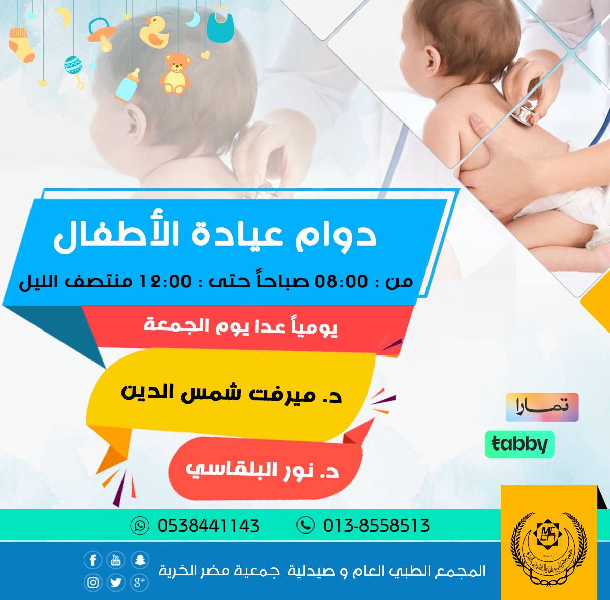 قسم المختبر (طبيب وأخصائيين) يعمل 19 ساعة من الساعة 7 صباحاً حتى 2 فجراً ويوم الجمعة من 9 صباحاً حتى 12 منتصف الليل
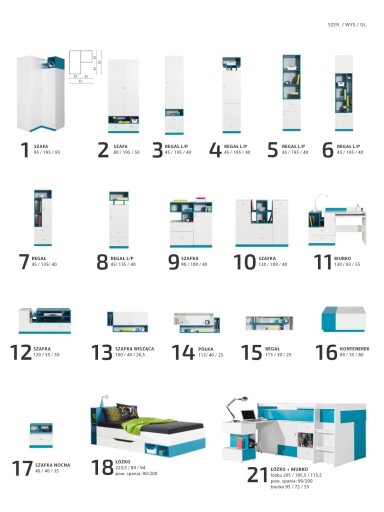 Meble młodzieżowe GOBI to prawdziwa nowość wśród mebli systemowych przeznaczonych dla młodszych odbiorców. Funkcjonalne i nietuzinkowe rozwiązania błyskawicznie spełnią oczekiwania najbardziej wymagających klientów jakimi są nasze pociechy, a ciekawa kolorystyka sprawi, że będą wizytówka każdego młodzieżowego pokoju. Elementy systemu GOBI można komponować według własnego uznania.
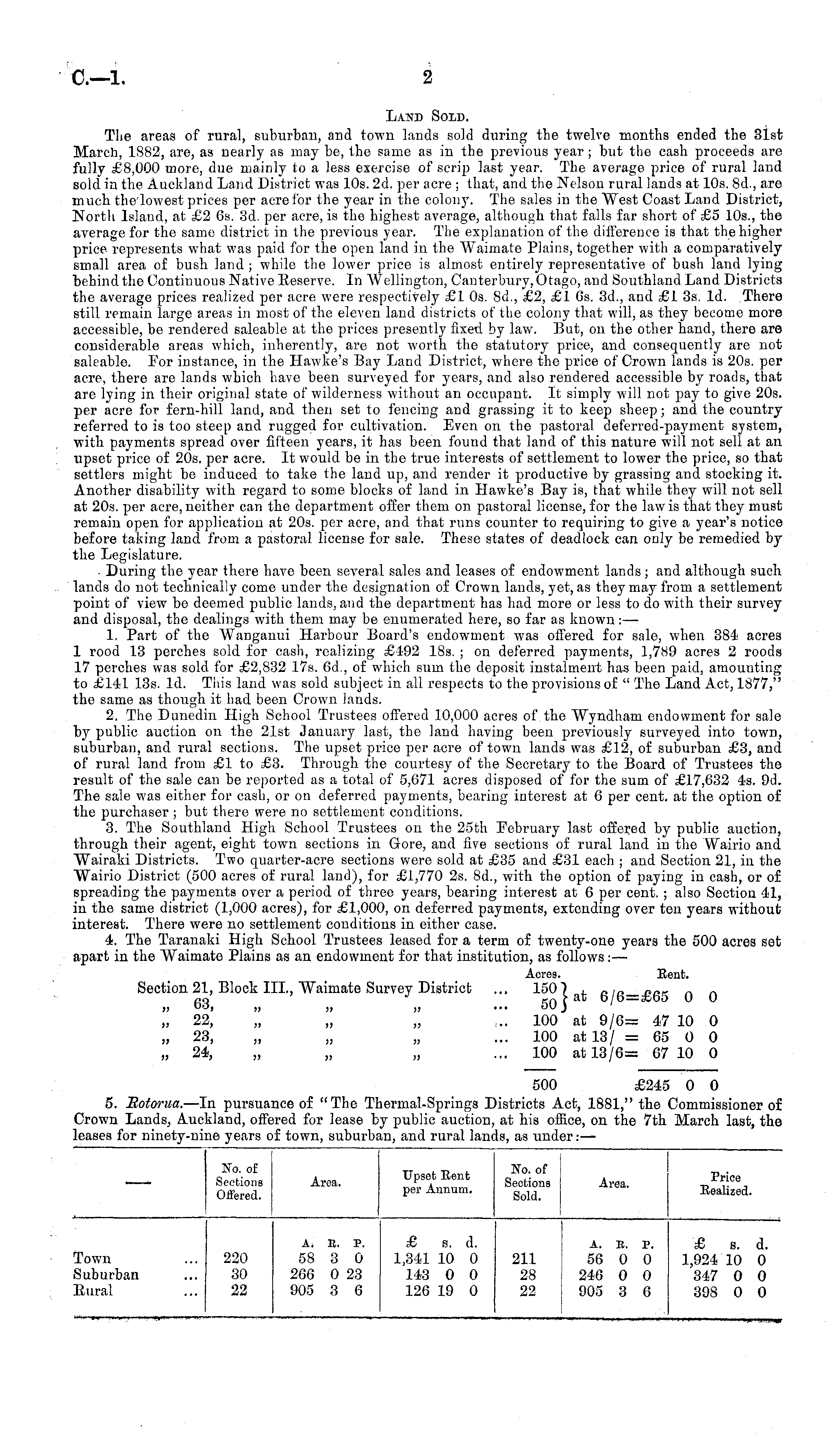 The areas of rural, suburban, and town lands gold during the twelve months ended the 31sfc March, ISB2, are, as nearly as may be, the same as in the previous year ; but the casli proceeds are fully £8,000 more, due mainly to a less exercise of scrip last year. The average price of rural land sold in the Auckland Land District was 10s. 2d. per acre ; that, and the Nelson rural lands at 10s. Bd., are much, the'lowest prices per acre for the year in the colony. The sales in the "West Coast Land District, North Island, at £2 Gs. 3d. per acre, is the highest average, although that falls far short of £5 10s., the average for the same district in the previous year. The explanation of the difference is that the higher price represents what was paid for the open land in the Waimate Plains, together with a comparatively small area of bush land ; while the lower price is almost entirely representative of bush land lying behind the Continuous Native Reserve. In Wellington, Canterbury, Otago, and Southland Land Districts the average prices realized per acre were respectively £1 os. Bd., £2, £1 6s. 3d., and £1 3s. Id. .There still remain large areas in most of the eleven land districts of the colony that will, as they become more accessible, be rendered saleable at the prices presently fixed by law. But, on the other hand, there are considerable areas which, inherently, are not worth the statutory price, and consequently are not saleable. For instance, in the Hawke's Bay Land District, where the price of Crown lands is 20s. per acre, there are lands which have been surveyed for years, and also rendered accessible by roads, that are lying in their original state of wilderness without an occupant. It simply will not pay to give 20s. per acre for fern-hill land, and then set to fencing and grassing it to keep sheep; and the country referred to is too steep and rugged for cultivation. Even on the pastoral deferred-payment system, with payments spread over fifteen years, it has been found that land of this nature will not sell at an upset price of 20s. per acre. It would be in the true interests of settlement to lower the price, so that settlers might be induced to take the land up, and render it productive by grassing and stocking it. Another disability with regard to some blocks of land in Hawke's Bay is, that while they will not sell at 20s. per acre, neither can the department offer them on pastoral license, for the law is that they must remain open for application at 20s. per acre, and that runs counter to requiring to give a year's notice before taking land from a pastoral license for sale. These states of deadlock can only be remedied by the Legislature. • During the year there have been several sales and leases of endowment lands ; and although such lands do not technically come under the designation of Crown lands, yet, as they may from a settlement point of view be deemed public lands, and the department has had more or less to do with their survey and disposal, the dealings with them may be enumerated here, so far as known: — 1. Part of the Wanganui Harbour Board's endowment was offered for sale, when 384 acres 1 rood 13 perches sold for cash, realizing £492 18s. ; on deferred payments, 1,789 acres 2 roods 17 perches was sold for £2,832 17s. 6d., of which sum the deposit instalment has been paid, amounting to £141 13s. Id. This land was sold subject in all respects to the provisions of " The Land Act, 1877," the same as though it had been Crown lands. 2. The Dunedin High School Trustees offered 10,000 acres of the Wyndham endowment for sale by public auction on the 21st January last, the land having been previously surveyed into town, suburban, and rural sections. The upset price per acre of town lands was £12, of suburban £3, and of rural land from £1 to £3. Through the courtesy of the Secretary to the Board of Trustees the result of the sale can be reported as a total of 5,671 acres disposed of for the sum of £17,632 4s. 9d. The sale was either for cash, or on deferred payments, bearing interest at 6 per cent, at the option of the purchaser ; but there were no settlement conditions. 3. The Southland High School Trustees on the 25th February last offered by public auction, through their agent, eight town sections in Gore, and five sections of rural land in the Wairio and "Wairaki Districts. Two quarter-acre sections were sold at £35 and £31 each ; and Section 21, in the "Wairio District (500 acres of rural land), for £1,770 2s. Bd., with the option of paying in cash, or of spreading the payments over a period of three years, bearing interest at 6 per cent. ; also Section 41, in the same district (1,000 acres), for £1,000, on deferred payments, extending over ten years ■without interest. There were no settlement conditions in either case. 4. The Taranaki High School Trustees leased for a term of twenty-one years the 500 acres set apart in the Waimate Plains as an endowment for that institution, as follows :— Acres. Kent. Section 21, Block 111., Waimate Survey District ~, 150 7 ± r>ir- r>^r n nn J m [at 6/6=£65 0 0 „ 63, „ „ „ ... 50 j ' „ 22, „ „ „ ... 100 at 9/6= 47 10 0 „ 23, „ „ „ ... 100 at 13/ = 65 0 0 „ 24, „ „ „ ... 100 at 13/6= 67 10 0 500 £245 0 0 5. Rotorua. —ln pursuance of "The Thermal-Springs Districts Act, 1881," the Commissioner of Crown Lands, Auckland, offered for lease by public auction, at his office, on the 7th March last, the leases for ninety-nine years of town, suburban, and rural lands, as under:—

* * *

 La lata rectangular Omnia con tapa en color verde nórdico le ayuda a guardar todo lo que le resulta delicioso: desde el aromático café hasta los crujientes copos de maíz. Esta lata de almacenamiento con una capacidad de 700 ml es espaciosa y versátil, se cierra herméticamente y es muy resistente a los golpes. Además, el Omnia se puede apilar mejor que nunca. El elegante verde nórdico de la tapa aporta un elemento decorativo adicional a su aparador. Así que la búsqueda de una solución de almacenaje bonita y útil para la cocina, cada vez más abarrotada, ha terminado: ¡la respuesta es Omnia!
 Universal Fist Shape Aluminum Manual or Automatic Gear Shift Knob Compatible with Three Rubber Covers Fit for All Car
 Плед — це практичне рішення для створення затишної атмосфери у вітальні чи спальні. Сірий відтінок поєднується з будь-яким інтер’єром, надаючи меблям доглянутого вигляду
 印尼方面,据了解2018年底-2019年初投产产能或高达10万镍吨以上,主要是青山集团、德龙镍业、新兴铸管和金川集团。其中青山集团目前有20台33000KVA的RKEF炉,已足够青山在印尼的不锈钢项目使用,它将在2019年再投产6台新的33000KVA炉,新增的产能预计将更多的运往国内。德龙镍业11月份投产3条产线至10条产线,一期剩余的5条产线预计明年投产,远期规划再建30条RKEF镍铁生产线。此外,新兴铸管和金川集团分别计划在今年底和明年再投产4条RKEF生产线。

_Task requirements:_ Using the records above, copy word for word the line with "La lata rectangular", the line with "Universal Fist Shape", and every line between them.

_Answer to this exercise:_
 La lata rectangular Omnia con tapa en color verde nórdico le ayuda a guardar todo lo que le resulta delicioso: desde el aromático café hasta los crujientes copos de maíz. Esta lata de almacenamiento con una capacidad de 700 ml es espaciosa y versátil, se cierra herméticamente y es muy resistente a los golpes. Además, el Omnia se puede apilar mejor que nunca. El elegante verde nórdico de la tapa aporta un elemento decorativo adicional a su aparador. Así que la búsqueda de una solución de almacenaje bonita y útil para la cocina, cada vez más abarrotada, ha terminado: ¡la respuesta es Omnia!
 Universal Fist Shape Aluminum Manual or Automatic Gear Shift Knob Compatible with Three Rubber Covers Fit for All Car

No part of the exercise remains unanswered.